According to many sources (books, web, interviews...), GV never intended to be part of SMiLE; it was a link between Pet Sounds and SMiLE, it was Brian's Rhapsody in blue; and once again according to many informations, Capitol put the pressure to have GV on SMiLE, because of the lack of hits in the project, as they did with 'Sloop John B' on Pet Sounds. And I never included GV in my SMiLE mixes, doens't make sense to me.

The fact that Capital plastered "Good Vibrations" on the cover slicks certainly lends credence to that theory.  Why wouldn't Capital want such a smash hit on the album?  But whether Brian wanted it on there, that's a tougher question. 

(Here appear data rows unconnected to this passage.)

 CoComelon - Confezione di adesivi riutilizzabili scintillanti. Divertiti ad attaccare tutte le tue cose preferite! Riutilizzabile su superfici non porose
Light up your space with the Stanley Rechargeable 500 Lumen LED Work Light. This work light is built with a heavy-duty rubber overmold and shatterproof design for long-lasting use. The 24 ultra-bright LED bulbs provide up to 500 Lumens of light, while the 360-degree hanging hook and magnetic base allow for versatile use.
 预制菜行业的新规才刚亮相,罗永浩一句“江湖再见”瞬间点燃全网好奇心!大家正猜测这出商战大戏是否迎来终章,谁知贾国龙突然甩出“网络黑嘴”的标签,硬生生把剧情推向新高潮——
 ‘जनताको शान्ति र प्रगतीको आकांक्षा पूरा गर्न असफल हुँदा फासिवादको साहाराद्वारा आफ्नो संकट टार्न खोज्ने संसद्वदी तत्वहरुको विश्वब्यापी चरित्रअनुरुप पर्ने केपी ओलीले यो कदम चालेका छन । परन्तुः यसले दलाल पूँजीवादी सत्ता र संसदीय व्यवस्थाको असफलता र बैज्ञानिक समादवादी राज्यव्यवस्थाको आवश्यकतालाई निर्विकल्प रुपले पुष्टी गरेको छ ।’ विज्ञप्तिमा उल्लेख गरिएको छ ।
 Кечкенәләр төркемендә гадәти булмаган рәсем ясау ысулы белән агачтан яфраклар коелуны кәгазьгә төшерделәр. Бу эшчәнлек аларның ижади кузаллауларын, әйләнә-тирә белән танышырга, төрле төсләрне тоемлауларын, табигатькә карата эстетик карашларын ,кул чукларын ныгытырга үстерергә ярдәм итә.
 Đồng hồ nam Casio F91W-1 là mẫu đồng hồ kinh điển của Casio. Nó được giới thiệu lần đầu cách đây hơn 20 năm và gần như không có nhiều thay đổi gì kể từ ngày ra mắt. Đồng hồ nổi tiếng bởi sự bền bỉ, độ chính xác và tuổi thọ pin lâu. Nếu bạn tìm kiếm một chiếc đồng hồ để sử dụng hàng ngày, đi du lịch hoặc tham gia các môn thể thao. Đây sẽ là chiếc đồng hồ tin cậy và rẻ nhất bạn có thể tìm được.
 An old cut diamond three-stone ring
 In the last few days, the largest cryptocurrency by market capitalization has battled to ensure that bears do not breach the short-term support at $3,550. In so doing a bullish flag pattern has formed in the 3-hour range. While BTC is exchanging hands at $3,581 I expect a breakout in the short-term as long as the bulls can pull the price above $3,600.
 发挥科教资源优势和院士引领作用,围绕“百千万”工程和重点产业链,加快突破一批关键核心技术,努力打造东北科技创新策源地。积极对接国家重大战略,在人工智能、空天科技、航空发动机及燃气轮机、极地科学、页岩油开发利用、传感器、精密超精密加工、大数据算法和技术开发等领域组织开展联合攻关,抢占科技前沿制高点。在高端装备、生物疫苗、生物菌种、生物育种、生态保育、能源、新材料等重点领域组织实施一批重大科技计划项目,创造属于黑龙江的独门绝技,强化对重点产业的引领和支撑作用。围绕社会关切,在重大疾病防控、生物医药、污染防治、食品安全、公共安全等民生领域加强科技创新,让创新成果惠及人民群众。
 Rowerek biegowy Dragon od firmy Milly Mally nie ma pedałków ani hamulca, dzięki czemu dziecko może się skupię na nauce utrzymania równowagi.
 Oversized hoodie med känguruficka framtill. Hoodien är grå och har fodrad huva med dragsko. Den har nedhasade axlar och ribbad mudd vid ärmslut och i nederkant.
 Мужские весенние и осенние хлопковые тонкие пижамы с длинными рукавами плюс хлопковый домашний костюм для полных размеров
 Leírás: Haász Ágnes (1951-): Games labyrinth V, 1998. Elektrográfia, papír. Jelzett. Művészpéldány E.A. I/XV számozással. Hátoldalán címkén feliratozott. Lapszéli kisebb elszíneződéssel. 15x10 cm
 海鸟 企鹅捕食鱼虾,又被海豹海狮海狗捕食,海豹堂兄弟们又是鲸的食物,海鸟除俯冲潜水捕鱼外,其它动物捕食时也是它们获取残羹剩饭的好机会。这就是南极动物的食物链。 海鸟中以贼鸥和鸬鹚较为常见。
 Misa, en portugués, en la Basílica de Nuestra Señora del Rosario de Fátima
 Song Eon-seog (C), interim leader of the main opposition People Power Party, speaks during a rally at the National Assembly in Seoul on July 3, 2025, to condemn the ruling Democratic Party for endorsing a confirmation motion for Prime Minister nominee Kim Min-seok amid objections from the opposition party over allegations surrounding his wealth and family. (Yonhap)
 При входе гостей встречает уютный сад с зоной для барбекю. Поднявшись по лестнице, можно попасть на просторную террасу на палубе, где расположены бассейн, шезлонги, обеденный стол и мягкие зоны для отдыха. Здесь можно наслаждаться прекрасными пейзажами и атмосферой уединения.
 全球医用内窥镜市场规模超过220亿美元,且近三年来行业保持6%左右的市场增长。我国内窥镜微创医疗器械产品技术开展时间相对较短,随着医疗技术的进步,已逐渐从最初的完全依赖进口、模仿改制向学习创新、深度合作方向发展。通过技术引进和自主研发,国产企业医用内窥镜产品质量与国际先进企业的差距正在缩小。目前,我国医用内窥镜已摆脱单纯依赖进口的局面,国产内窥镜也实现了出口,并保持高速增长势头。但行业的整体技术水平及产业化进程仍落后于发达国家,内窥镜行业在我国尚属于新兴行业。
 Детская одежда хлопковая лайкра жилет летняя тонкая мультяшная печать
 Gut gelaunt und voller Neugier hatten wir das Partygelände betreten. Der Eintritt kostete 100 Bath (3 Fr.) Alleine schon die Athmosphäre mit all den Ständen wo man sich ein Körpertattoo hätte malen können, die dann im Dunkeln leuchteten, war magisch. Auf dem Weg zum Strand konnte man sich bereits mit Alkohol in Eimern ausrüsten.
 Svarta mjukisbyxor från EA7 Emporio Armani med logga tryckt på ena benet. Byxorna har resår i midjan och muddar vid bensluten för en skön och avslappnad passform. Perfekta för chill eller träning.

Given that GV was started during Pet Sounds and completed before Smile really took off, it obviously wasn't a part of the Smile concept initially.  On the other hand, the modular nature of GV fits perfectly on Smile, and it was clearly the impetus for creating a whole record that way in the first place.  And if you put credence in Brian's sequencing for BWPS (I don't personally), you could certainly make the argument that Brian wanted it there all along.

I myself don't feel that Good Vibrations really belongs on Smile, but it doesn't feel incredibly out of place either.  As was discussed before, its inclusion on Smiley feels far more out of place.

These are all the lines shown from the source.